1571–1832
- Seats: Two

= Fowey (constituency) =

Former parliamentary constituency in the United Kingdom

Fowey was a rotten borough in Cornwall which returned two Members of Parliament to the House of Commons in the English and later British Parliament from 1571 to 1832, when it was abolished by the Great Reform Act.

==History==
The borough consisted of the town of Fowey, a seaport and market town, and the neighbouring hamlet of Mixtow. Unlike many of the most notorious Cornish rotten boroughs which were enfranchised in Tudor times, Fowey had once been a town of reasonable size, and returned members to a national council in 1340, although it had to wait until 1571 for representation in Parliament.
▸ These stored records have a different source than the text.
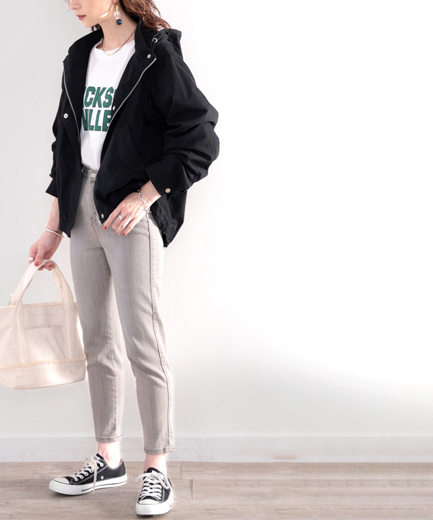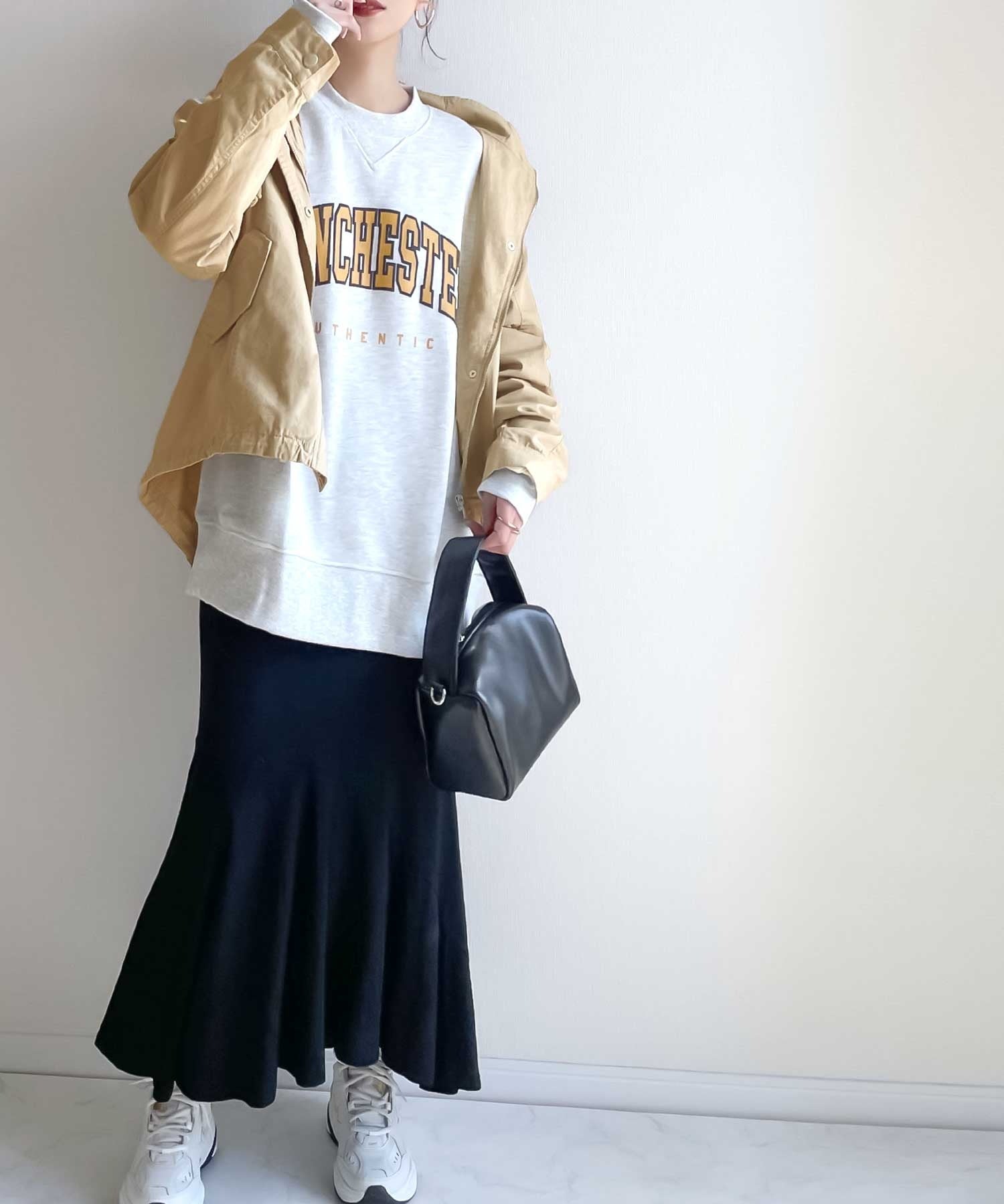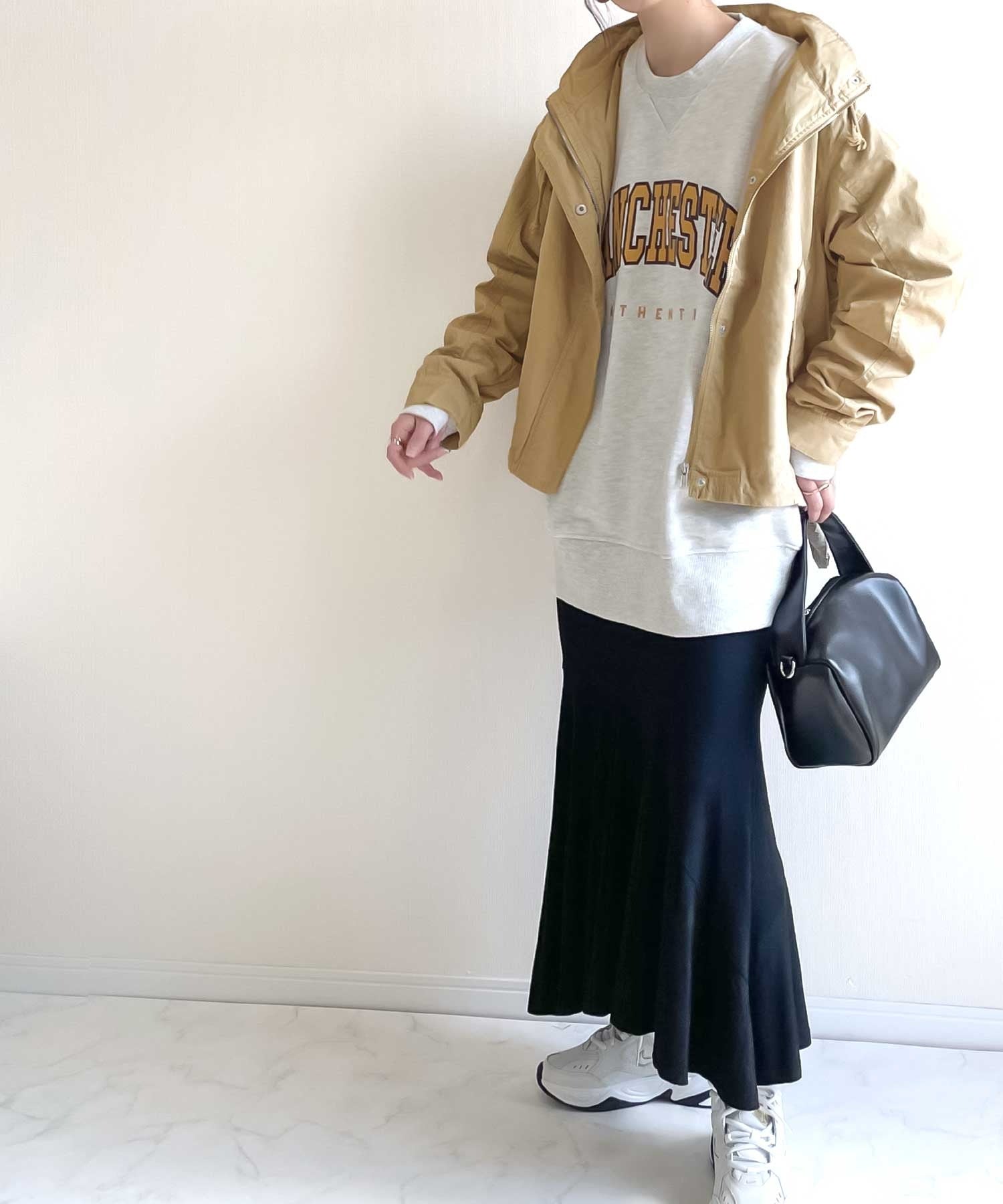 すっきりと見える長すぎない丈感で、どんなボトムスとも合わせやすい。
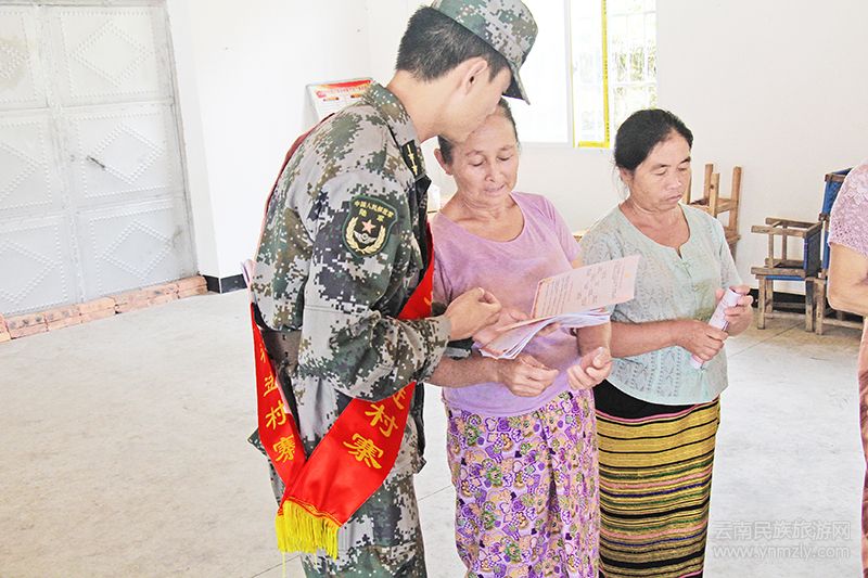 為使村民能夠更形象的了解相關(guān)精神,該連官兵還結(jié)合精心準(zhǔn)備的掛圖為村民講解十九大的相關(guān)常識(shí),將具體的政策法規(guī)制作成折頁發(fā)放到現(xiàn)場村民手中。宣講結(jié)束,村民與宣講隊(duì)成員圍坐一起,促膝而談。聽著國家對(duì)他們的優(yōu)待政策越來越多,傣族大媽萬小煥最為激動(dòng),拉著傣語宣講員段燦輝聊起了這幾年災(zāi)后重建的變化。
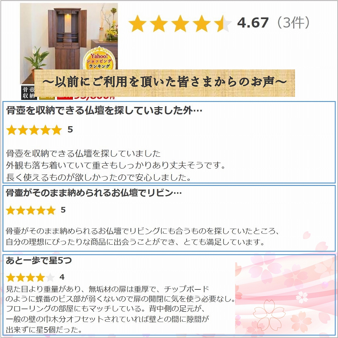 棚を三段やお骨の収納スペースを設けながら、サイズはコンパクトに抑えました。
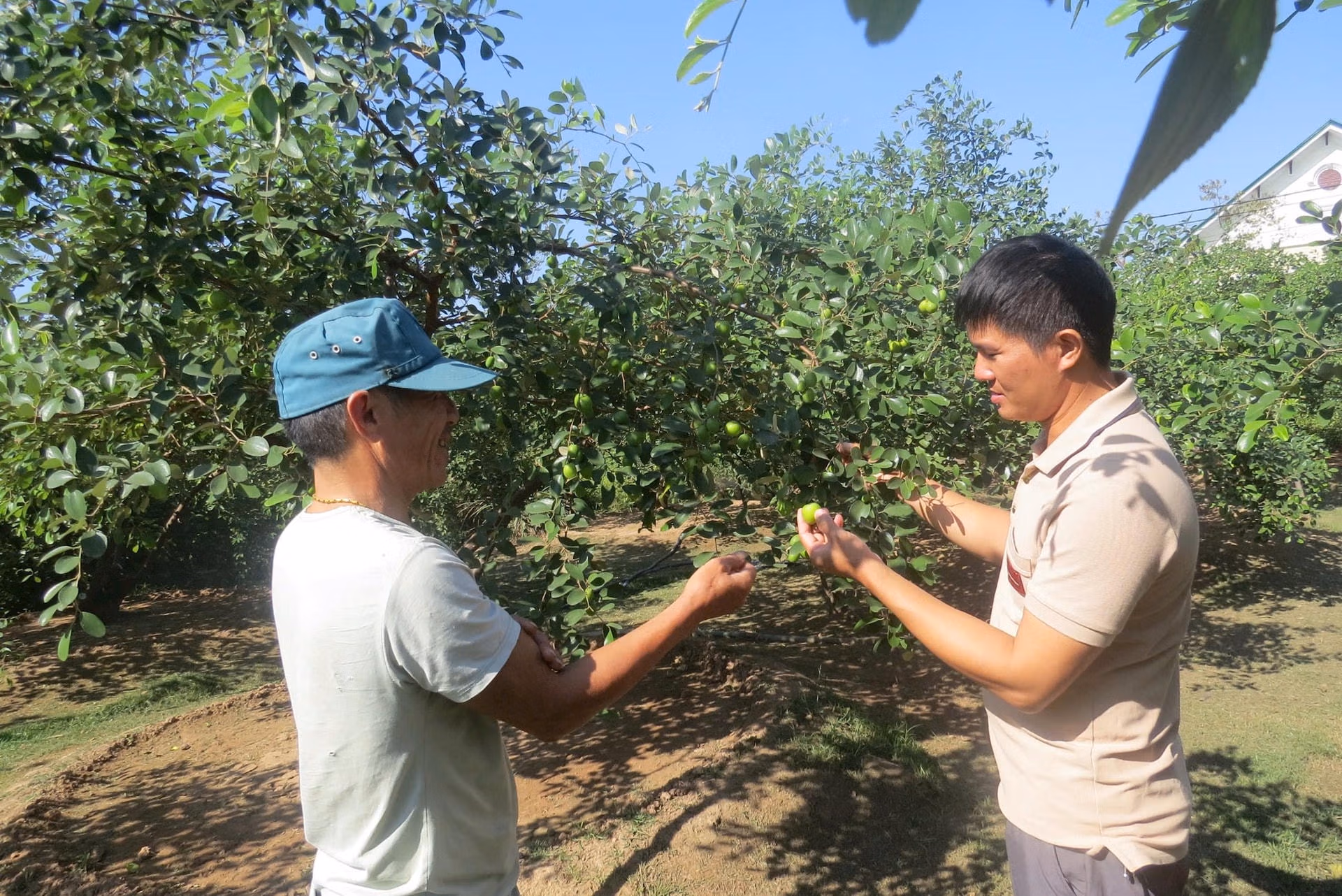 Ông Nguyễn Đắc Tuân - Chủ nhiệm Tổ hợp tác trồng táo Bàng La cho biết: Điều may mắn nhất chính là sau bão, những cây táo không bị bật gốc nên có thể phục hồi nhanh chóng. Tuy nhiên, hoa táo nở không đúng cữ, thời tiết hanh khô kéo dài dẫn đến lượng quả đậu khá ít.
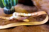 naturfarbig dunkel mit auffallender Verschlußtechnik und schöner Gürtelbeschnallung. Breite 3 cm.
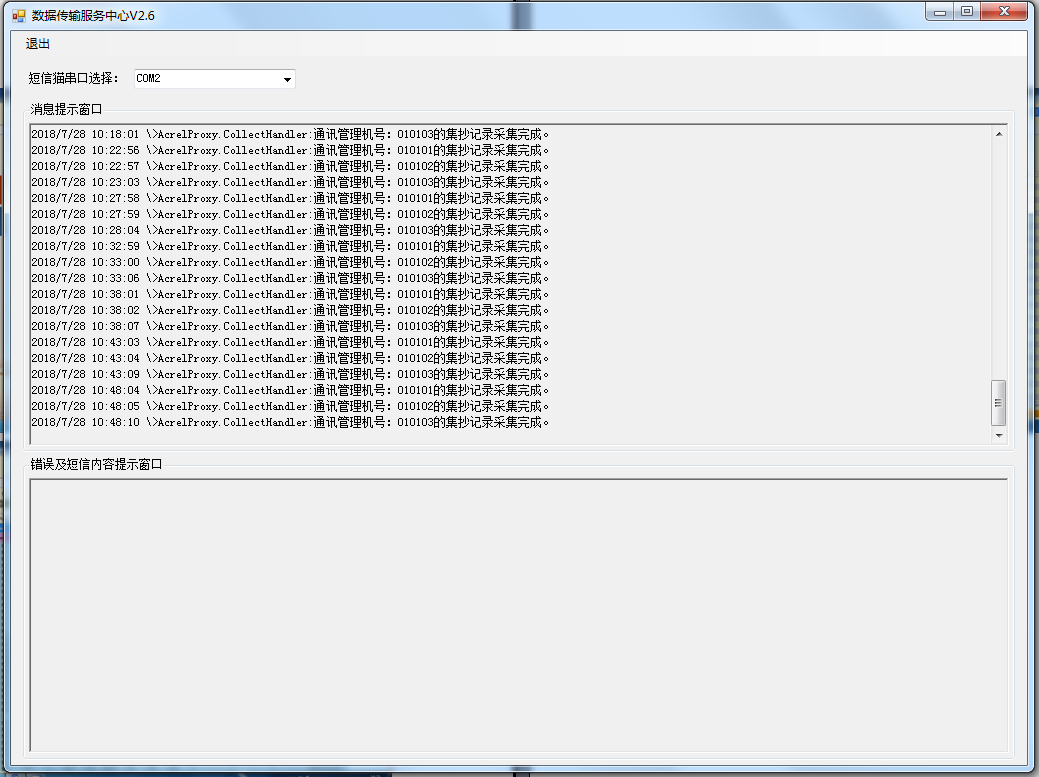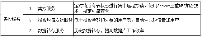 集中抄表服務(wù)程序包含三大模塊,除了常年運(yùn)行的定時(shí)對所有儀表進(jìn)行集中遠(yuǎn)程抄表以外,還集成了報(bào)警短信發(fā)送服務(wù),能將電費(fèi)金額預(yù)警和欠費(fèi)預(yù)警自動生成手機(jī)短信自發(fā)送給對應(yīng)的商鋪用戶,該功能需要與硬件短信貓配合使用。
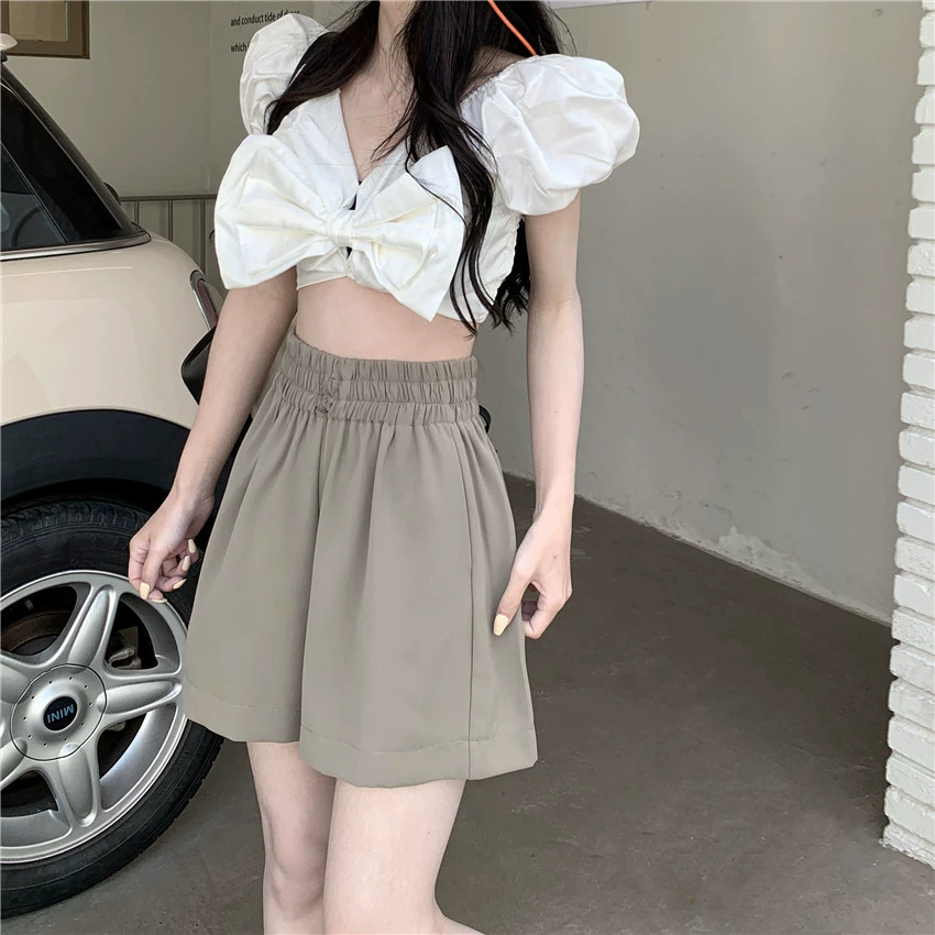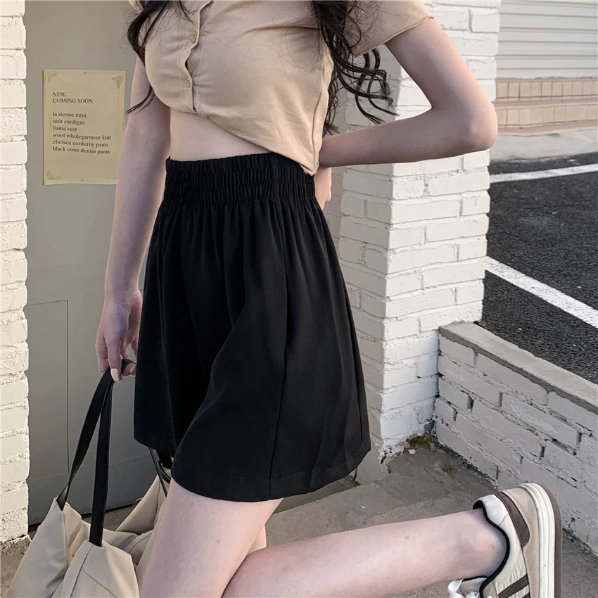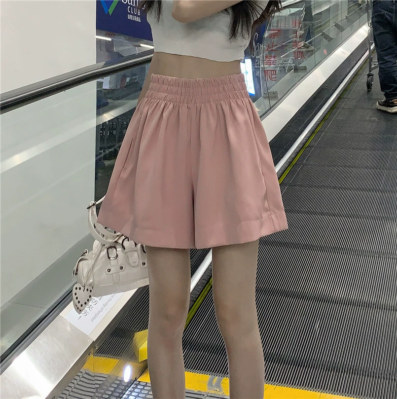 Pink summer outerwear wide-leg high-waist casual shorts

Fowey was a feudal tenure of the Prince of Wales, and by a judgment of 1701 the right to vote was held to rest with "the Prince's tenants", which in practice was interpreted to include all the householders paying scot and lot; there were 331 voters in 1831. However, most of the property in the borough was owned by the Rashleigh family of nearby Menabilly, and in 1816 they and the Earl of Mount Edgcumbe shared the "patronage", each having considerable influence if not quite absolute power to choose one of the MPs.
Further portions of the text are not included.